Meu jovem André Rizek
Como vai essa bizarria? Por esses dias, o Armando Nogueira me aparece e comenta que você anda tomando meu ímpio nome em vão, pelas redes sociais (ou socialistas? Perdão: ainda me é duro resistir a provocações). Conheço um Rizek, de raiz palestina, que traduz poemas persas. Você caiu dessa árvore?
Antes de mais nada, rogo-lhe que não me amaldiçoe com súplicas sobre o recente Fla-Flu em três atos. Sei que os lorpas, os pascácios, os cretinos fundamentais hão de perguntar: mas não houve o Fla-Flu? Com pertinácia paquidérmica afirmo: Não. Não houve clássico algum. Como pode existir um Fla-Flu fantasmagórico, com bandeiras desfalecidas em lugar das multidões? Repito: esses três Fla-Flus não aconteceram, como não aconteceram as brigas, os maus árbitros ou os cacetes dados à bola. Se você, Rizek, os assistiu pela vossa excelentíssima internete ou outra rede, evoco a máxima ululante: como o videoteipe, as transmissões são burras!

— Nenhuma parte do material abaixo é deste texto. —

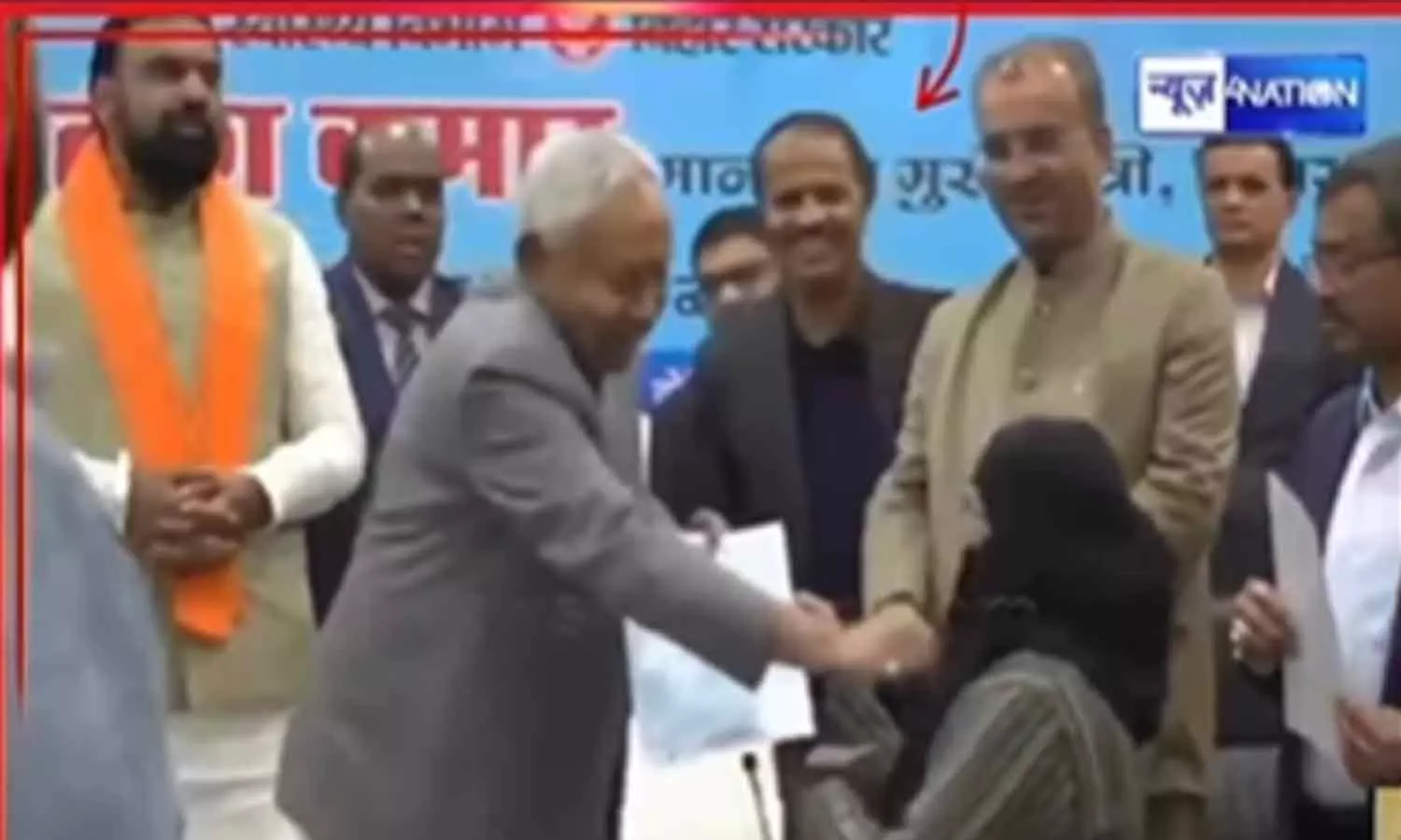 നിയമന ഉത്തരവ് കൈമാറുന്നതിനിടെ വനിത ഡോക്ടറുടെ നിഖാബ് വലിച്ചുമാറ്റി നിതീഷ് കുമാർ

Sei que hão de insistir os bovinos (civis ou militares), as bestas de 28 patas. Ah, mas o Flamengo não foi campeão do Rio pela 36ª vez? Foi, o Flamengo foi o campeão. Só que o povo, com o seu instinto agudo, sua vidência terrível, reconheceu e apontou, com o dedo cheio de perdigoto e vírus, o verdadeiro motivo das finais. Ganância! Dinheiro das tevês! Sim, o romantismo do Fla-Flu foi trocado por 30 moedas de prata, como se nossos clubes fossem administrados por Judas de cartolas. Imagino, na Gávea, as prateleiras abarrotadas de taças e os troféus inumeráveis chocalhando de humilhação. Vamos e venhamos: a imortal nação rubro-negra não fazia a mínima questão de um título tão frio, solene, lúgubre.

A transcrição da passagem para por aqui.